The figure below presents the results obtained by SimGrid.

The experiment performs I/O operations, varying the number of
concurrent operations from 1 to 15. We run only 20 simulations for
each case.

We can see that the graphics are quite similar to the ones obtained in
the real platform.

 #+begin_src R :results output graphics :file fig/simgrid_results.png :exports both :width 600 :height 400 :session *R*
 sg_df = read.csv("./simgrid_disk.csv")
 sg_df = sg_df %>% group_by(disk, op, flows) %>% mutate(bw=((size*flows)/elapsed)/10^6, method=if_else(disk=="edel" & op=="read", "loess", "lm"))
 sg_dfd = sg_df %>% filter(flows==1 & op=="write") %>% group_by(disk, op, flows) %>% summarize(mean = mean(bw), sd = sd(bw), se=sd/sqrt(n()))

 sg_df[sg_df$op=="write" & sg_df$flows ==1,]$method=""

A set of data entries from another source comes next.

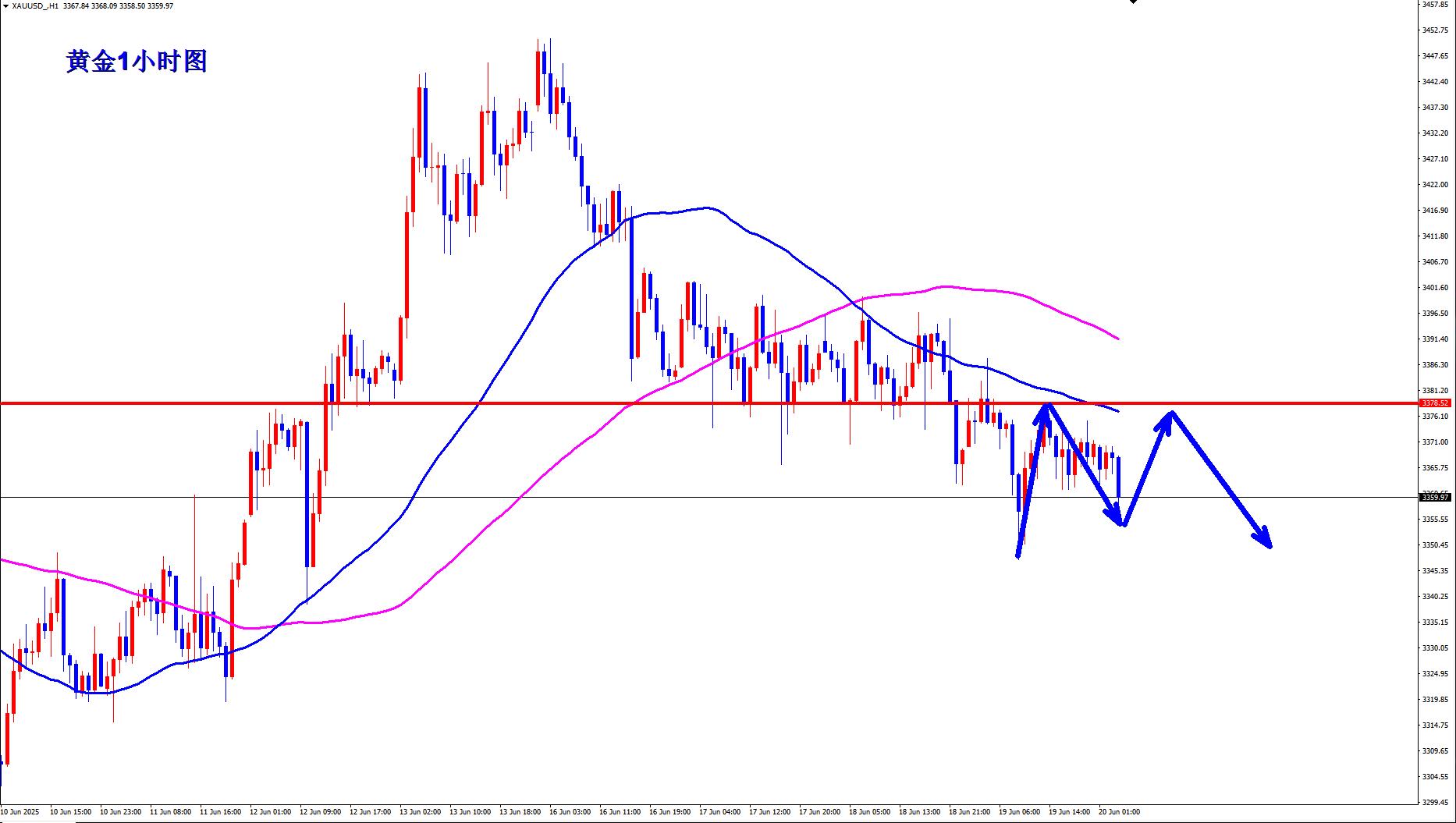 黄金1小时均线还是继续死叉空头向下排列,黄金空头力度十足,下行还有空间,黄金昨天下探之后反弹最高也就是3378附近,就继续回落,然后多次反弹也没有再去突破3378,早盘黄金承压3378下还是继续逢高空。黄金现在震荡下跌,重心不断下移,那么这种走势,黄金向下可能随时还会加速。
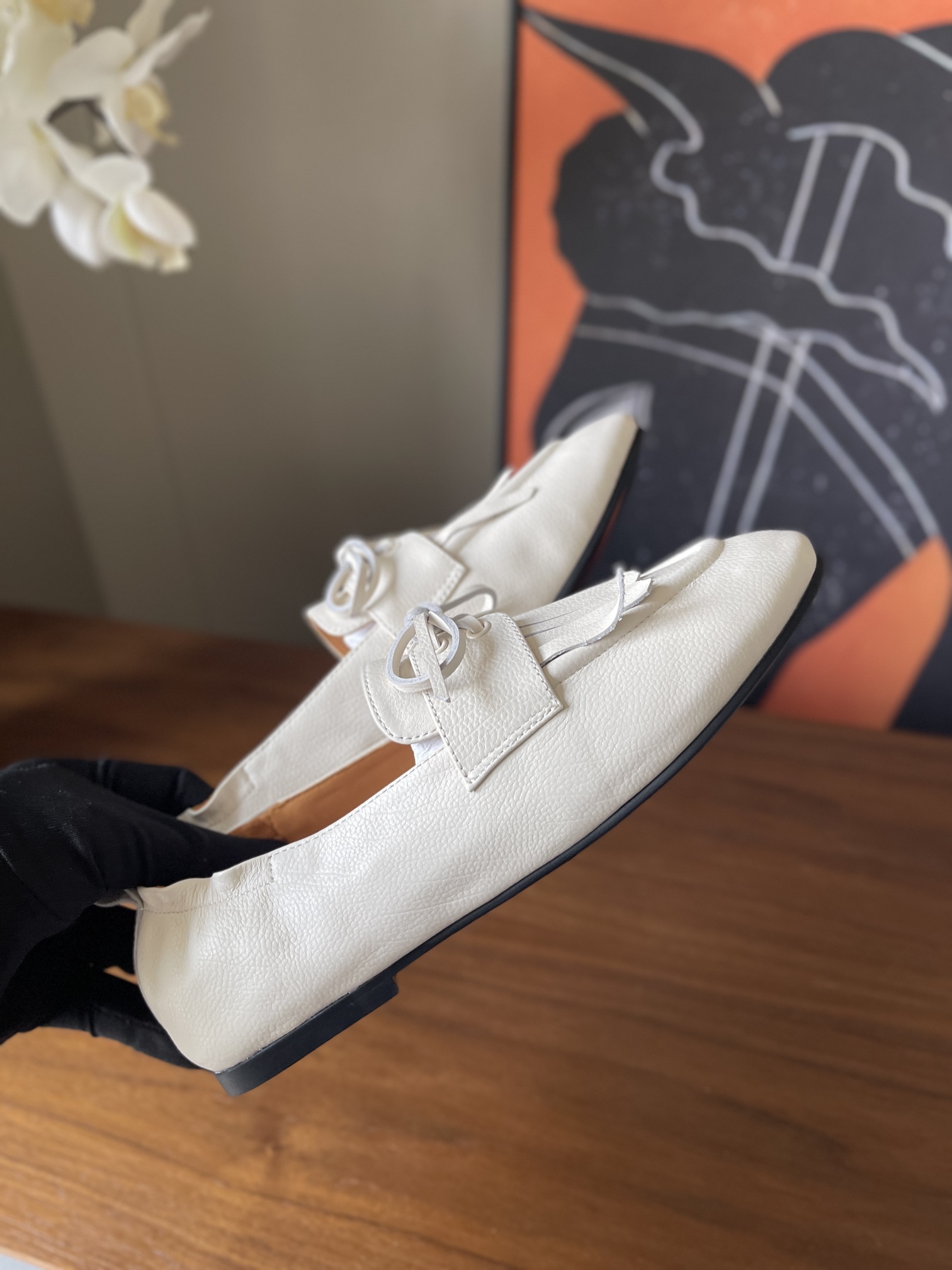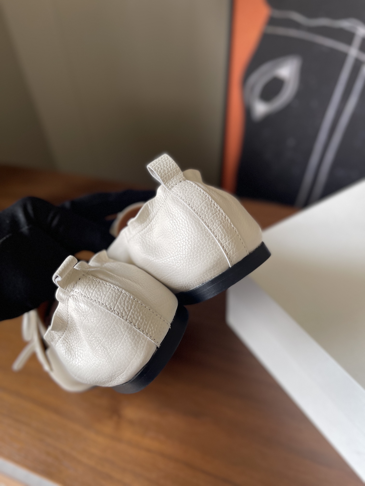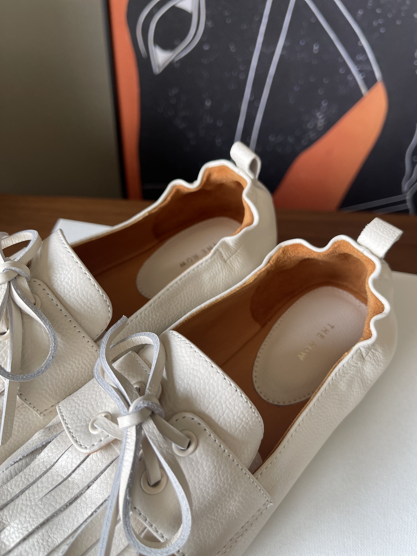这款鞋子是AAAAA 1:1 质量 (非常棒). 使用了和原版一模一样的材料. 商标部分也保持了和The Row一样. 图片拍摄是实物鞋子拍摄, 您所收到的实物保证和我们图片一模一样.
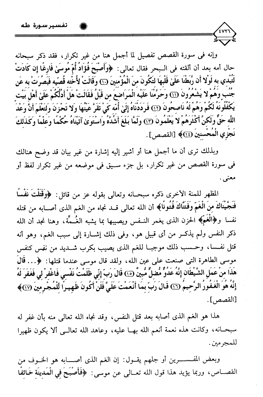 المظهر للمنة الأخرى ذكره سبحانه وتعالى بقوله عز من قائل: (وَقَتَلْتَ نَفْسًا فَنَجَّيْنَاكَ مِنَ الْغَمِّ وَفَتَنَّاكَ فُتُونًا) أن الله تعالى قد نجاه من الغم الذي أصابه من قتله نفسا و (الْغَمِّ) الحزن الذي يغمر النفس ويصيبها بما يشبه الغُمَّة، وهنا نجد أن الله ذكر النفس ولم يذكر من أي قبيل هو، وفي ذلك إشارة إلى سبب الغم، وهو أنه قتل نفسا، وحسب ذلك موجبا للغم الذي يصيب بكرب شديد من نفس كنفس موسى الطاهرة التي صنعت على عين الله، ولقد قال موسى عندما قتلها: (. . . قَالَ هَذَا مِنْ عَمَلِ الشَّيْطَانِ إِنَّهُ عَدُوٌّ مُضِلٌّ مُبِينٌ (15) قَالَ رَبِّ إِنِّي ظَلَمْتُ نَفْسِي فَاغْفِرْ لِي فَغَفَرَ لَهُ إِنَّهُ هُوَ الْغَفُورُ الرَّحِيمُ (16) قَالَ رَبِّ بِمَا أَنْعَمْتَ عَلَيَّ فَلَنْ أَكُونَ ظَهِيرًا لِلْمُجْرِمِينَ (17).

 ggplot(data=sg_df, aes(x=flows, y=bw, color=op)) + theme_bw() +
     geom_point(alpha=.3) +
     geom_smooth(data=sg_df[sg_df$method=="loess",], color="black", method=loess,se=TRUE,fullrange=T) +
     geom_smooth(data=sg_df[sg_df$method=="lm",], color="black", method=lm,se=TRUE) +
     geom_errorbar(data=sg_dfd, aes(x=flows, y=mean, ymin=mean-2*se, ymax=mean+2*se),color="black",width=.6) +
     facet_wrap(disk~op,ncol=2,scale="free_y")+ # ) + #
     xlab("Number of concurrent operations") + ylab("Aggregated Bandwidth (MiB/s)")  + guides(color=FALSE)  + xlim(0,NA) + ylim(0,NA)

 #+end_src

Note: The variability in griffon read operation seems to decrease when
we have more concurrent operations. This is a particularity of the
griffon read speed profile and the elapsed time calculation.

Given that:
- Each point represents the time to perform the N I/O operations.
- Griffon read speed decreases with the number of concurrent
  operations.

With 15 read operations:
- At the beginning, every read gets the same bandwidth, about
  42MiB/s.
- We sample the noise in I/O operations, some will be faster than
  others (e.g. factor > 1).

When the first read operation finish:
- We will recalculate the bandwidth sharing, now considering that we
  have 14 active read operations. This will increase the bandwidth for
  each operation (about 44MiB/s).
- The remaining "slower" activities will be speed up.

This behavior keeps happening until the end of the 15 operations,
at each step, we speed up a little the slowest operations and
consequently, decreasing the variability we see.